Presentation on theme: "Casey Bower. What is Melanoma? Melanoma is the most common cancer in the United States and the most dangerous form of skin cancer, melanoma begins in."— Presentation transcript:
What is Melanoma? Melanoma is the most common cancer in the United States and the most dangerous form of skin cancer, melanoma begins in a type of skin cell called a melanocyte. Melanocytes produce the skin pigment known as melanin, which is responsible for our natural skin color. When exposed to sunlight, these skin cells produce large amounts of melanin as part of the "tanning process," that helps protect the skin from burning. Pigmented markings of the skin are known as moles, which are groups of melanocytes in the skin. While moles are generally harmless, they can become cancerous.

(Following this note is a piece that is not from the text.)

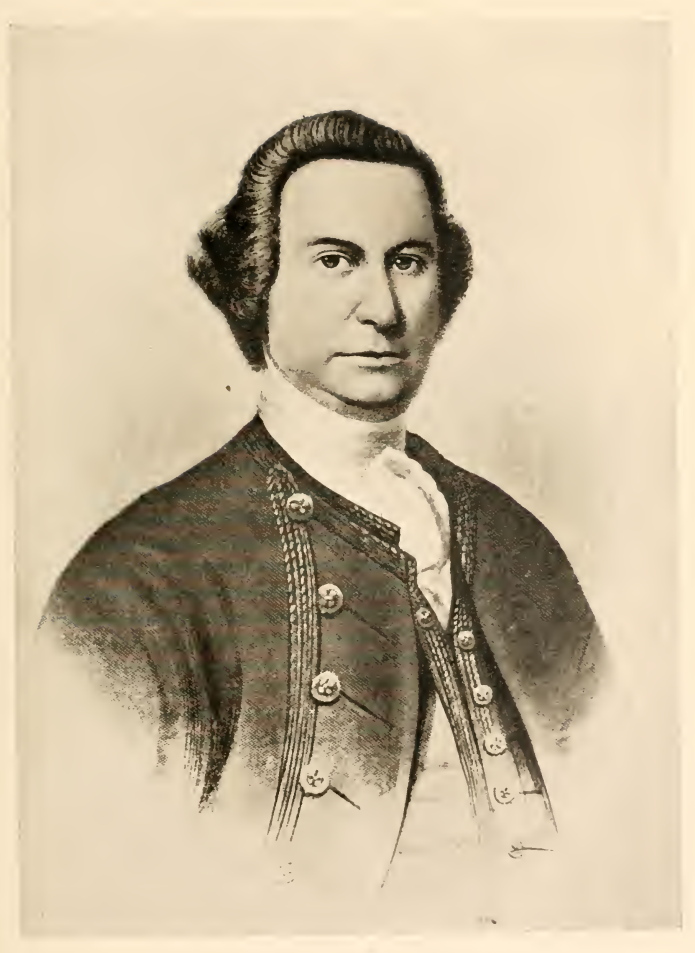
SIR WILLIAM JOHNSON From a contemporary engraving

What causes Melanoma? The greatest contributor (approximately 65 percent) to melanoma is exposure to ultraviolet (UV) rays from natural or artificial sources, such as sunlight and indoor tanning beds. It is likely that a combination of family history, genetics and environmental factors are to blame. However, since melanoma can occur in all melanocytes throughout the body, even those that are never exposed to the sun, UV light cannot be solely responsible for a diagnosis.
What are the symptoms of Melanoma Melanoma can appear suddenly as a new mole, or it can develop slowly in or near an existing mole. In men, melanomas are often found on the torso, or the head and neck area. In women, melanoma often develops on the lower legs as well as on the torso.

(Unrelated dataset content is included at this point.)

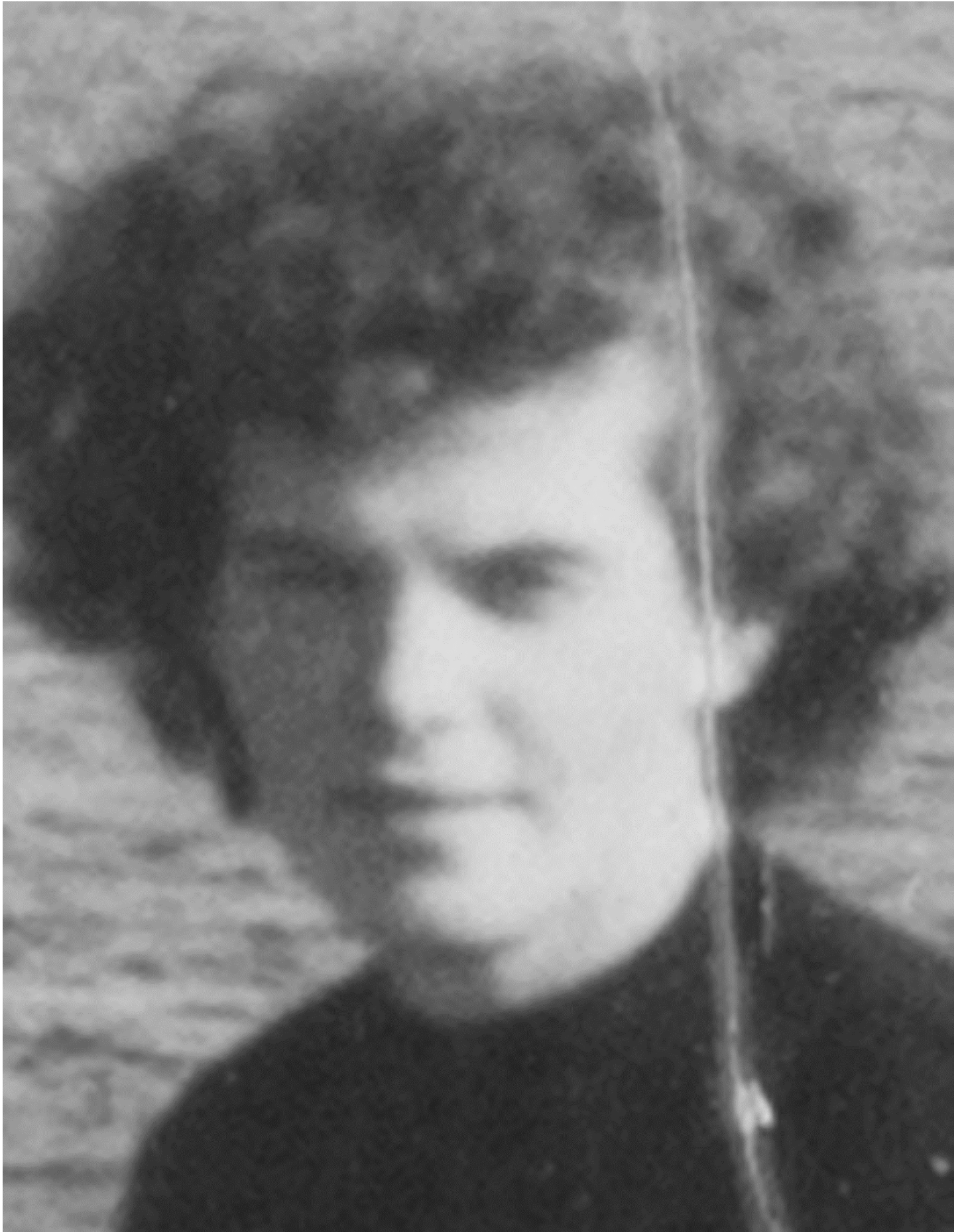
She really looks substantial when she's blown up

The ABCDs of Melanoma This simple ABCD approach is a useful guide to help you identify moles you should show your doctor. A = Asymmetry: melanoma lesions are typically irregular in shape (asymmetrical); benign--noncancerous--moles are typically round (symmetrical). B = Border: melanoma lesions often have uneven or irregular borders (i.e., ragged or notched edges); benign moles have smooth, even borders. C = Color: melanoma lesions often contain many shades of brown or black; benign moles are usually a single shade of brown. D = Diameter: melanoma lesions are often more than 1/4 inch or 6 millimeters in diameter (about the size of a pencil eraser); benign moles are usually less than 1/4 inch or 6 millimeters in diameter.

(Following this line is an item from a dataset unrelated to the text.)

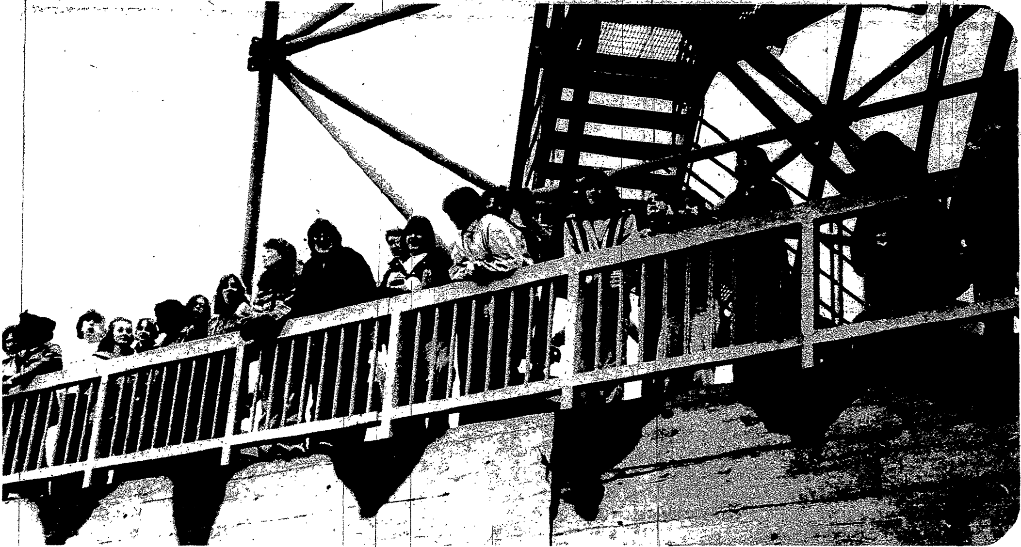
The cast enjoys the view from the Space Platform.

Who is at risk? People who spend time in the sun, or use sun lamps or tanning booths People who smoke People who have blond, red or light brown hair, and blue, gray or green eyes People with fair skin or freckles, or skin that burns easily People with personal or family histories
How often does Melanoma occur Melanoma is the most common cancer in The United States In 2009 nearly 63,000 were diagnosed with melanoma in the United States, resulting in approximately 8,650 deaths One-in-50 Americans has a lifetime risk of developing melanoma. The projected numbers (according to the National Cancer Institute) for 2012 are even higher with 76,250 diagnosis and 9,180 deaths. every eight minutes, someone in the United States will be given a melanoma diagnosis and that every hour someone will die from the disease. The American Cancer Society estimates that the risk of developing invasive melanoma in the United States is 1 in 41 and 1 in 61 for men and women, respectfully. This averages out to approximately a 1 in 50 chance of developing melanoma throughout your lifetime. Melanoma primarily affects individuals in the prime years of life, is the most common form of cancer for young adults 25-29 years old and the second most common cancer in adolescents and young adults 15-29 years old.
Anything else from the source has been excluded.